Win Win – Review

Worth seeing: for the performances of Paul Giamatti and Bobby Cannavale in an offbeat drama whose narrative doesn't match its writing
Director:Tom McCarthy
Featuring:Paul Giamatti, Alex Shaffer, Amy Ryan, Bobby Cannavale, Burt Young, Clare Foley, Jeffrey Tambor, Margo Martindale, Melanie Lynskey
Length:106 minutes
Certificate:15
Country:US
Released:20th May 2011

WHAT’S IT ABOUT?

Lawyer Mike Flaherty (Paul Giamatti) runs his own firm, but business isn’t good. He’s a man with morals, but he’s growing desperate and in an elderly client, Leo (Burt Young), he sees an opportunity.

Leo is developing dementia and finding it harder to look after himself. Mike persuades a local court that he needs care. The judge authorises money from Leo’s estate to be used to pay for him to live in a residential home, but Mike decides to leave Leo in his own house and keeps the care money for himself.

He doesn’t ignore Leo – he treats him like his own father and gives him everything he needs. He’s just paying himself handsomely for it.

When Leo’s grandson Kyle (Alex Shaffer) turns up out of the blue, after running away from home, Mike and his wife Jackie (Amy Ryan) take him in and he becomes part of their family.

Kyle also turns out to be tremendously useful to Mike in his other role – the local school’s chief wrestling coach. Kyle’s input inspires a bunch of losers to become feared by rival schools and invigorates the lives of Mike’s fellow trainers, Stephen (Jeffrey Tambor) and Terry (Bobby Cannavale).

But when Kyle’s mother turns up to reclaim her son, the truth about Leo’s care comes out, threatening Mike’s livelihood – and the positive new lives he has built for himself and Kyle.

WHAT’S IT LIKE?

Tom McCarthy is an actor. Three times in his life, he has turned his attention to directing and each time he has produced a gem.

First, The Station Agent’s study of eccentric small-town American life as seen through the eyes of Peter Dinklage’s dwarf. Then, The Visitor earned a well deserved supporting-actor Oscar nomination for Richard Jenkins, as a man who fought for a muslim immigrant to be able to stay in New York. Now, he has another fine actor delivering a delightfully refined and complex performance as a morally-challenged, but at heart, good man with difficulties.

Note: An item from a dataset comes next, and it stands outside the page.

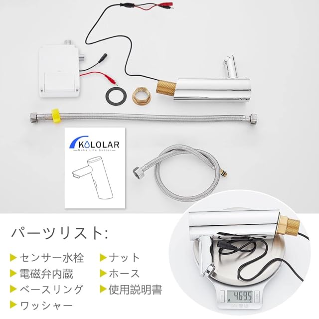 【取り付けが簡単】:セット内容:蛇口x1、電磁弁(電池箱)x1、冷熱水角弁x1、水道管x3、取り付け部品。日本語取付説明書と蛇口を取り付ける必要なキットが全部付属しておりますので、簡単に取り付けられます 。
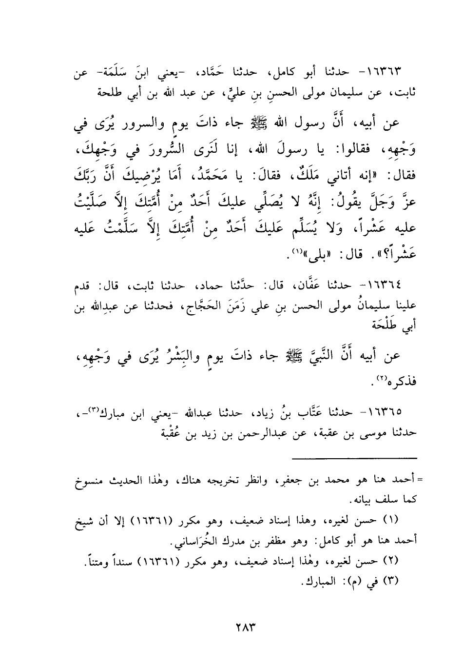 ١٦٣٦٣ - حَدَّثَنَا أَبُو كَامِلٍ، حَدَّثَنَا حَمَّادٌ يَعْنِي ابْنَ سَلَمَةَ، عَنْ ثَابِتٍ، عَنْ سُلَيْمَانَ مَوْلَى الْحَسَنِ بْنِ عَلِيٍّ، عَنْ عَبْدِ اللهِ بْنِ أَبِي طَلْحَةَ، عَنْ أَبِيهِ، أَنَّ رَسُولَ اللهِ صَلَّى اللهُ عَلَيْهِ وَسَلَّمَ جَاءَ ذَاتَ يَوْمٍ وَالسُّرُورُ يُرَى فِي وَجْهِهِ، فَقَالُوا: يَا رَسُولَ اللهِ، إِنَّا لَنَرَى السُّرُورَ فِي وَجْهِكَ، فَقَالَ: " إِنَّهُ أَتَانِي مَلَكٌ فَقَالَ: يَا مُحَمَّدُ، أَمَا يُرْضِيكَ أَنَّ رَبَّكَ عَزَّ وَجَلَّ يَقُولُ: إِنَّهُ لَا يُصَلِّي عَلَيْكَ أَحَدٌ مِنْ أُمَّتِكَ إِلَّا صَلَّيْتُ عَلَيْهِ عَشْرًا، وَلَا يُسَلِّمُ عَلَيْكَ أَحَدٌ مِنْ أُمَّتِكَ إِلَّا سَلَّمْتُ عَلَيْهِ عَشْرًا، قَالَ: بَلَى " (١) ،

Paul Giamatti’s pain and frustration at his failing business is palpable and it’s not hard to see why he bends the system to his own advantage in the circumstances. Leo might not get the treatment that he’s paying for, but he doesn’t realise – and he’s happy anyway. In a heart-warming and empathetic turn, Alex Shaffer’s Kyle is enjoying his life for the first time in years, as he gives hope to the school wrestling team and all those involved in it for the first time in years.

Bobby Cannavale – who had a great supporting turn in The Station Agent – is back with one of the best characters to grace independent American cinema for some time – naïve and simple, competitive, supportive, warm and above all funny. He steals a throwaway line from Kyle and turns it into what should rightfully become one of the catch-phrases of the year.

The writing and performances can’t be faulted, as you’d expect from a Tom McCarthy project, but it falls down in the narrative stakes. While the dialogue sparks and the characters jump off the screen, the way the plot unfurls is rather convenient and contrived (how lucky that a runaway kid who turns up on the doorstep of a lawyer-cum-school-wrestling-coach just happens to be a former Greco Roman wrestling champ?!) and doesn’t feel as realistic as the characters deserve.

And with a title like “Win Win,” you might expect an indy movie to throw in an ironic curve ball, but ultimately, without giving the end away, a win-win situation is indeed what arises, jeopardising the conflict in the drama.

Win Win is a worthy addition to McCarthy’s filmography, but while it’s the most enjoyable of the three, it’s the least mature narratively and while it might chime with the lives of more viewers than its predecessors, it probably has less to teach us.